By combining these sources, the model captures the **critical early period of epidemic arrival and restriction** in Europe, even while accepting limited visibility into non-European transit (e.g., via Middle East hubs).

> While airports like Dubai or Doha were important global transfer points in February, this thesis focuses on **direct seeding from China** and **intra-European flows**. Modeling later pandemic phases or full global mobility networks exceeds the practical scope of this project.

### 4.6 Correlation with Excess Mortality

Following simulation of epidemic arrival timing across Europe using the adjusted SIR model, these predicted **arrival ranks** will be compared with national **excess mortality rates** to explore whether early seeding corresponded with worse mortality outcomes ([The Economist 2021](#ref-theeconomist2021)).

An upcoming short communication by Neuwirth & Elixhauser (202x, in prep.) explores how socioeconomic factors—such as GDP, median age, healthcare capacity, and vaccination coverage—interact within a causal system influencing COVID-19 mortality. While the focus is global and system-oriented, the findings reinforce the importance of European data due to its high reliability and completeness—further justifying the Europe-centric approach taken in this thesis.

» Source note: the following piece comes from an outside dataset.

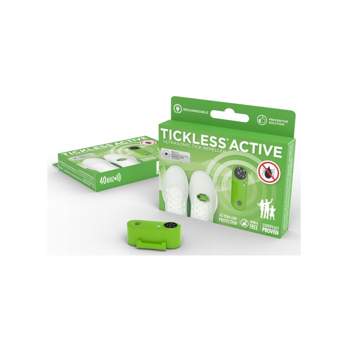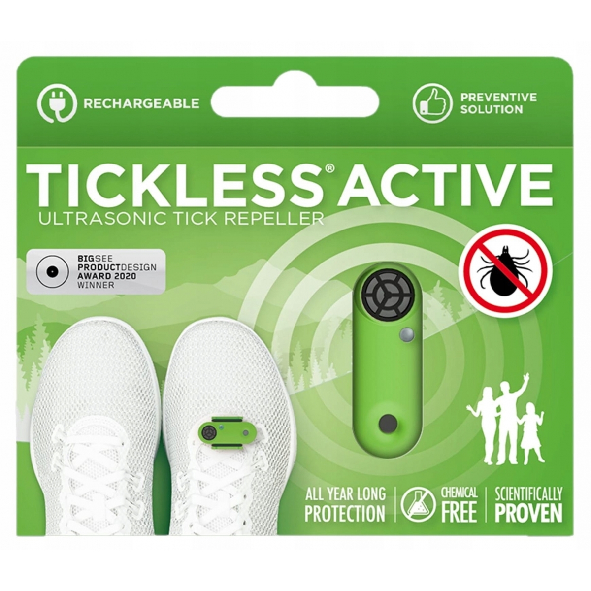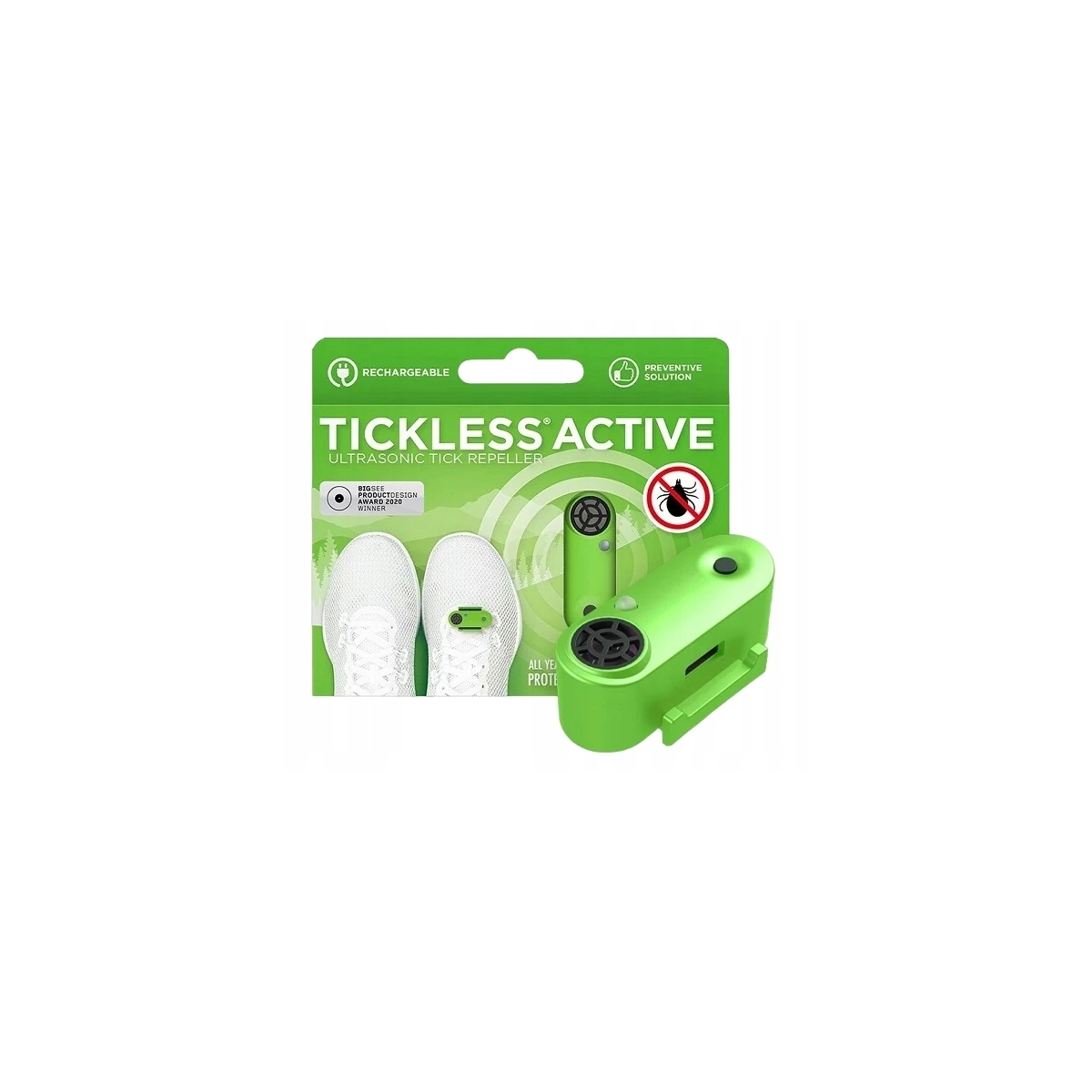 Odstraszacz kleszczy ultradźwiękowy TICKLESS Active Green AC01GR - to nowoczesne rozwiązanie do odstraszania kleszczy dla osób aktywnie spędzających czas. Certyfikowany odstraszacz na kleszcze opracowany i wyprodukowany we Włoszech. Te małych rozmiarów urządzenie działa na zasadzie emisji ultradźwięków o zmiennej częstotliwości, które nie są szkodliwe ani uciążliwe dla ludzi i zwierząt domowych. Działają natomiast odstraszająco na kleszcze i trzymają je z dala od nas.

> *While including additional socioeconomic controls would deepen the analysis, this lies beyond the scope of this thesis. Nevertheless, the correlation between arrival timing and mortality provides meaningful insight into early pandemic dynamics.*

### 4.7 Excess Mortality Data

To estimate country-level excess mortality during Europe’s first COVID-19 wave, this thesis uses values published by **The Economist** ([The Economist 2021](#ref-theeconomist2021)). Their model estimates **excess deaths** by imputing missing official data using machine learning, as detailed in [their methodological article](https://www.economist.com/graphic-detail/2021/05/13/how-we-estimated-the-true-death-toll-of-the-pandemic).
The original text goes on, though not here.